### [Work task]
Copy the data exactly from the line that contains "Armband med guldfärgade" through the line that contains "The wooden chandelier", keeping both end lines and leaving out everything else.

### [Exercise material]

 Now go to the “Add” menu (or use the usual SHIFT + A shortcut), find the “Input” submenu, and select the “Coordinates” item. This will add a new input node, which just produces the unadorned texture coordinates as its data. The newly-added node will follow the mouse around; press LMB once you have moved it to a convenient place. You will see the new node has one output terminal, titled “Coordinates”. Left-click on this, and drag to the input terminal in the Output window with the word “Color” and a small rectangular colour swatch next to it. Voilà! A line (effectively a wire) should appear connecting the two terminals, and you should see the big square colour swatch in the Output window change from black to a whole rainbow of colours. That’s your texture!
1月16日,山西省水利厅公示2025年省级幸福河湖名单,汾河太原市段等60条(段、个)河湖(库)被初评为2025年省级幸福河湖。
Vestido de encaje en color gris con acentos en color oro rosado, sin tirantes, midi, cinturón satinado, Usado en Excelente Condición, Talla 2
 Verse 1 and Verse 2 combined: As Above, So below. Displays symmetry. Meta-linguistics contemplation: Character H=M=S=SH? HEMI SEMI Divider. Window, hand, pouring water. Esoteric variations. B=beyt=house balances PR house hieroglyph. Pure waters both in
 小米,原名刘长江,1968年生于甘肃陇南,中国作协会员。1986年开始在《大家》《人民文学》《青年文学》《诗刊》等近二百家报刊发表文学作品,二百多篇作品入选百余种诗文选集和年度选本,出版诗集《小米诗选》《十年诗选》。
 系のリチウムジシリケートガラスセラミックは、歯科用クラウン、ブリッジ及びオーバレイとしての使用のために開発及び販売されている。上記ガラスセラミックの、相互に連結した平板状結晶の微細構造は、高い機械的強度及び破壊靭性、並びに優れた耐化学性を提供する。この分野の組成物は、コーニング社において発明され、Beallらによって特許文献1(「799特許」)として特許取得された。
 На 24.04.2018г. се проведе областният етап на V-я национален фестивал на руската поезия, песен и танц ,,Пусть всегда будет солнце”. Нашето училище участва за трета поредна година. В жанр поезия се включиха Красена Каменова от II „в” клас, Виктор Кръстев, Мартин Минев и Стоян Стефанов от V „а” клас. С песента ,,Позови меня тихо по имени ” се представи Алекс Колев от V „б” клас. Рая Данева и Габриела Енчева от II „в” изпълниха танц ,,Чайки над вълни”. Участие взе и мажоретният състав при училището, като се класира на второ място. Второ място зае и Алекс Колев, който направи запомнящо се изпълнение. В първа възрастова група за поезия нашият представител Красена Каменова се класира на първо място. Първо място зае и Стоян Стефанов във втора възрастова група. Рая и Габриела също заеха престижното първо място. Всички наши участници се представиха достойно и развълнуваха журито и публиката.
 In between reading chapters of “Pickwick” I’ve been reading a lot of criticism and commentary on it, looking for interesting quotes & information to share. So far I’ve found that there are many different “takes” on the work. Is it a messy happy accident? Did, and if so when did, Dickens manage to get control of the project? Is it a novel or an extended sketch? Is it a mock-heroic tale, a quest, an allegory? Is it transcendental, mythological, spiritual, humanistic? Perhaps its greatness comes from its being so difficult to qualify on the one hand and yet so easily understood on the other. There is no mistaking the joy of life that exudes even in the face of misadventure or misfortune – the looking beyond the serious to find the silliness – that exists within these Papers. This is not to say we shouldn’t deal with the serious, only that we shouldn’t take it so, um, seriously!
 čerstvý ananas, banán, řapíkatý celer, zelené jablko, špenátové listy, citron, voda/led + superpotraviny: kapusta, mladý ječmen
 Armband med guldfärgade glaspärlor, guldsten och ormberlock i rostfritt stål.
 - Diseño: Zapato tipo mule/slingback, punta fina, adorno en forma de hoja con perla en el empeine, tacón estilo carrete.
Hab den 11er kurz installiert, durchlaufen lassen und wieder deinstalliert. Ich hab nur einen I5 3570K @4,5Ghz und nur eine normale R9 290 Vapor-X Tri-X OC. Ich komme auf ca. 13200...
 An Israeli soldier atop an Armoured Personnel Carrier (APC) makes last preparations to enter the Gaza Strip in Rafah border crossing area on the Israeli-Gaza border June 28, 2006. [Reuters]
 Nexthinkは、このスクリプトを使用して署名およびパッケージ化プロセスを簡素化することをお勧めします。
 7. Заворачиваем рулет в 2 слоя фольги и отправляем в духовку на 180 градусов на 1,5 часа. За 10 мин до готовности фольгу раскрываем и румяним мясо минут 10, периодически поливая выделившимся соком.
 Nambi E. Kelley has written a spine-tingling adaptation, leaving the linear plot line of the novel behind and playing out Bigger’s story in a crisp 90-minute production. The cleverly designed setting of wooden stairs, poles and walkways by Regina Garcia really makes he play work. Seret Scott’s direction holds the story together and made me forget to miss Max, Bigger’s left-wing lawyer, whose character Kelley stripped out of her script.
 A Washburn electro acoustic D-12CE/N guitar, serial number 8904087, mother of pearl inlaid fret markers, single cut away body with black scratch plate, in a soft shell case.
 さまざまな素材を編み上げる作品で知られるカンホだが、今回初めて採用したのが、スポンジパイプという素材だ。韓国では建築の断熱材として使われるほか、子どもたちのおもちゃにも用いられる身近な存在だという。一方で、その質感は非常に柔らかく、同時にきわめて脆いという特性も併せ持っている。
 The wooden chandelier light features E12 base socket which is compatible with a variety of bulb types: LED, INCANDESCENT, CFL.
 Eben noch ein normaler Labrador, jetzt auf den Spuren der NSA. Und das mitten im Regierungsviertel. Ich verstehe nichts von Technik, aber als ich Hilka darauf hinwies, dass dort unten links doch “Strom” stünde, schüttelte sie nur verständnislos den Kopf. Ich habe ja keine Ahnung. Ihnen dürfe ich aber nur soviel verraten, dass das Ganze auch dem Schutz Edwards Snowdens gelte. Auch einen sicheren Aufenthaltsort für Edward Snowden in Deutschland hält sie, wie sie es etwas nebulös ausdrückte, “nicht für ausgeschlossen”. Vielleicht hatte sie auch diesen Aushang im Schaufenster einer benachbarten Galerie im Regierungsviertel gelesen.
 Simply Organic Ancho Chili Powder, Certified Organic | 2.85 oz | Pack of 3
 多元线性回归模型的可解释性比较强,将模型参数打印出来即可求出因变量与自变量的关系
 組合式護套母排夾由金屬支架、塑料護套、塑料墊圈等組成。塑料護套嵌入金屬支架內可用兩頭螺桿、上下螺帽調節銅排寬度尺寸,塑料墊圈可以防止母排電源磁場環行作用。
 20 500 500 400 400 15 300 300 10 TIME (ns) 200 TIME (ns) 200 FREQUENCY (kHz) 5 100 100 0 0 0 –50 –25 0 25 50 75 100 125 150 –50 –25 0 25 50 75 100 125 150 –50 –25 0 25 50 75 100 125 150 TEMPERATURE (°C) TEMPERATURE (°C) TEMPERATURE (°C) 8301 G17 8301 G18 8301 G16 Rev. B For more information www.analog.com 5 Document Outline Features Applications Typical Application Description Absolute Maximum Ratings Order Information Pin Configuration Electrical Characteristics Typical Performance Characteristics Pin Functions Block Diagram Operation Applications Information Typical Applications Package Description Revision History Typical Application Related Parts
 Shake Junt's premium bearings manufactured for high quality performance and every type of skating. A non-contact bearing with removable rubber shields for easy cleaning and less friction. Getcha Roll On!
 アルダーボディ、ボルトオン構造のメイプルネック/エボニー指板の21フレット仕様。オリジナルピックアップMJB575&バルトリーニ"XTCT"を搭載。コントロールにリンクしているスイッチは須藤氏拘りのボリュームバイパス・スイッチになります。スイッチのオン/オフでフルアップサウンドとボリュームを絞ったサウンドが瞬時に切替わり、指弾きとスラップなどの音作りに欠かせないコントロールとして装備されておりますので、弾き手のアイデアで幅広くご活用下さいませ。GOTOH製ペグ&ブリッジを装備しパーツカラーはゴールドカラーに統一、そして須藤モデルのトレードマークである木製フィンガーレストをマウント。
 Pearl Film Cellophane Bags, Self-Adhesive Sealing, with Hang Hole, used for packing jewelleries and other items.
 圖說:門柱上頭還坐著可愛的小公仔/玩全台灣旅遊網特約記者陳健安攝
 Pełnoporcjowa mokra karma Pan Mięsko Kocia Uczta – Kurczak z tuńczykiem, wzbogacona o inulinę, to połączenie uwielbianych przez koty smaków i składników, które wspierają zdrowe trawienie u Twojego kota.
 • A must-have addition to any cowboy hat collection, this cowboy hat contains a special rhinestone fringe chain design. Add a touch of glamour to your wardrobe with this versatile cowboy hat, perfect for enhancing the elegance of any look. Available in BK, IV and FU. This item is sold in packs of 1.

### [Your solution]
 Armband med guldfärgade glaspärlor, guldsten och ormberlock i rostfritt stål.
 - Diseño: Zapato tipo mule/slingback, punta fina, adorno en forma de hoja con perla en el empeine, tacón estilo carrete.
Hab den 11er kurz installiert, durchlaufen lassen und wieder deinstalliert. Ich hab nur einen I5 3570K @4,5Ghz und nur eine normale R9 290 Vapor-X Tri-X OC. Ich komme auf ca. 13200...
 An Israeli soldier atop an Armoured Personnel Carrier (APC) makes last preparations to enter the Gaza Strip in Rafah border crossing area on the Israeli-Gaza border June 28, 2006. [Reuters]
 Nexthinkは、このスクリプトを使用して署名およびパッケージ化プロセスを簡素化することをお勧めします。
 7. Заворачиваем рулет в 2 слоя фольги и отправляем в духовку на 180 градусов на 1,5 часа. За 10 мин до готовности фольгу раскрываем и румяним мясо минут 10, периодически поливая выделившимся соком.
 Nambi E. Kelley has written a spine-tingling adaptation, leaving the linear plot line of the novel behind and playing out Bigger’s story in a crisp 90-minute production. The cleverly designed setting of wooden stairs, poles and walkways by Regina Garcia really makes he play work. Seret Scott’s direction holds the story together and made me forget to miss Max, Bigger’s left-wing lawyer, whose character Kelley stripped out of her script.
 A Washburn electro acoustic D-12CE/N guitar, serial number 8904087, mother of pearl inlaid fret markers, single cut away body with black scratch plate, in a soft shell case.
 さまざまな素材を編み上げる作品で知られるカンホだが、今回初めて採用したのが、スポンジパイプという素材だ。韓国では建築の断熱材として使われるほか、子どもたちのおもちゃにも用いられる身近な存在だという。一方で、その質感は非常に柔らかく、同時にきわめて脆いという特性も併せ持っている。
 The wooden chandelier light features E12 base socket which is compatible with a variety of bulb types: LED, INCANDESCENT, CFL.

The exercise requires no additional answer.